None of the pictures should be copied, though every line of the listing must be printed exactly.

(Beginning of Dataset extract)

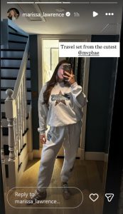 In the following stories, Marissa posted a mirror selfie of herself in a cozy travel sweatsuit, as they traveled to London to see Trevor Lawrence and the Jaguars play.
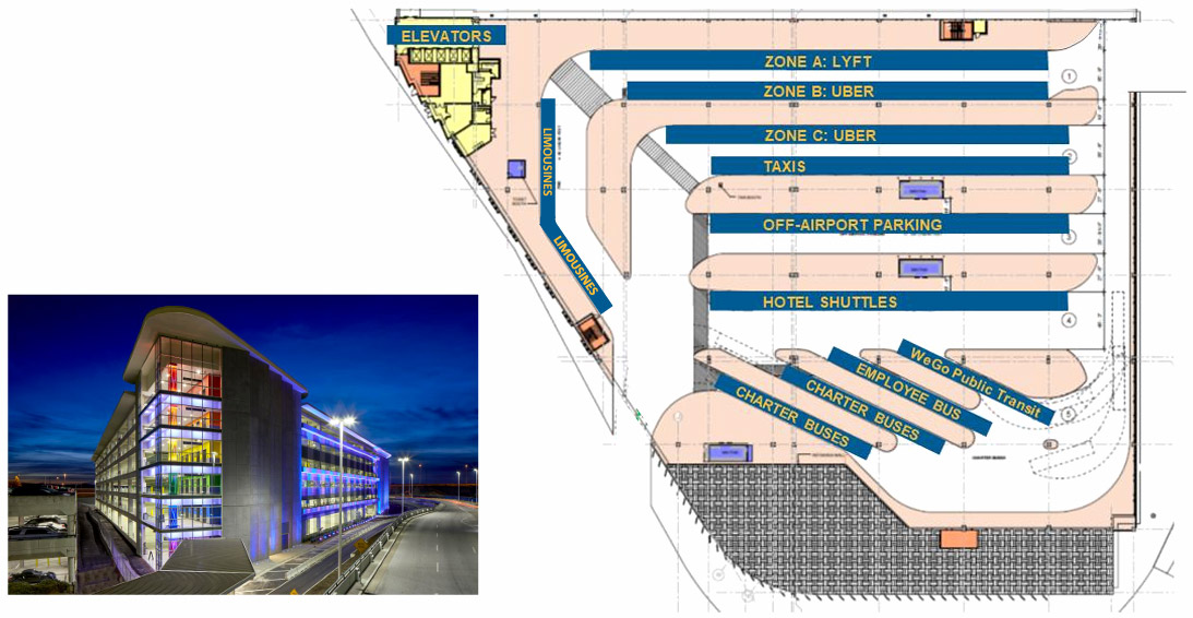 Uber and Lyft are available through their mobile apps. Pick-ups are located at the Ground Transportation Center, Level 1 of Terminal Garage 2. See image above for their specific areas.
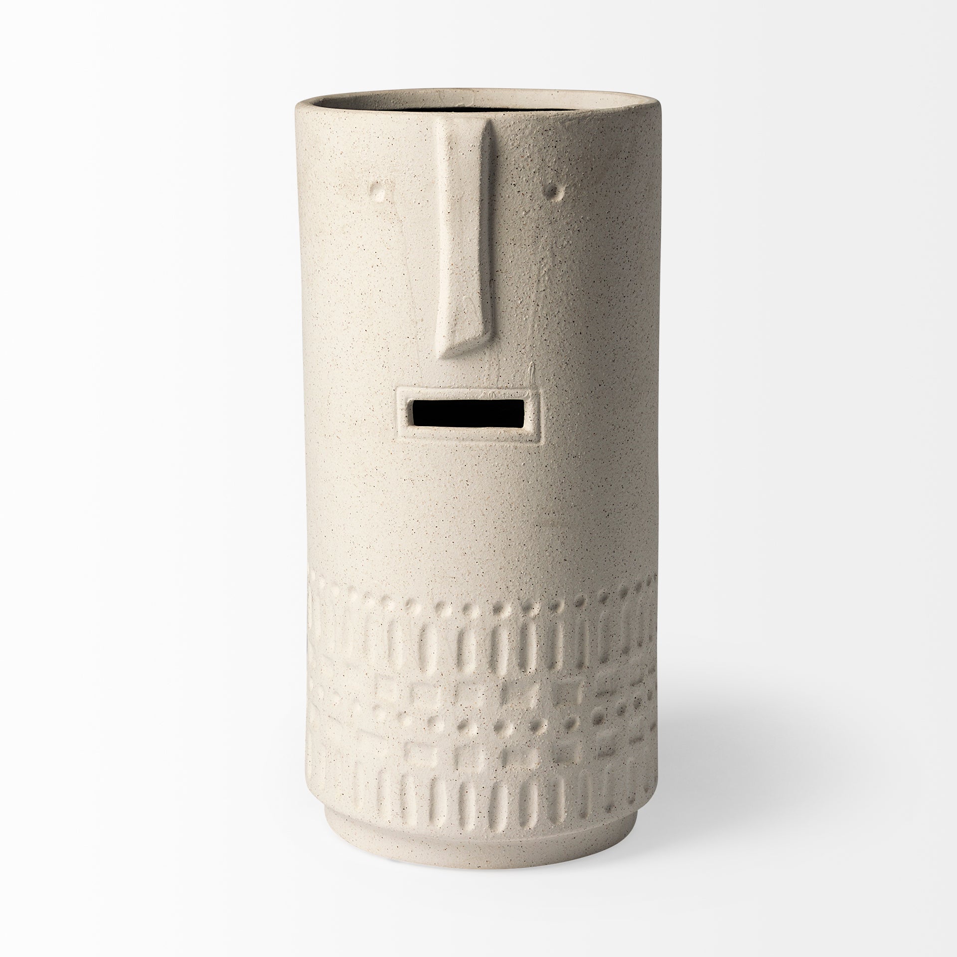 The Jacob is finished in a spectacular white tone with a pattern that resembles a smiling face, making it a fun vase that is sure to turn heads

(End of Dataset extract)

Answer to this task
 In the following stories, Marissa posted a mirror selfie of herself in a cozy travel sweatsuit, as they traveled to London to see Trevor Lawrence and the Jaguars play.
 Uber and Lyft are available through their mobile apps. Pick-ups are located at the Ground Transportation Center, Level 1 of Terminal Garage 2. See image above for their specific areas.
 The Jacob is finished in a spectacular white tone with a pattern that resembles a smiling face, making it a fun vase that is sure to turn heads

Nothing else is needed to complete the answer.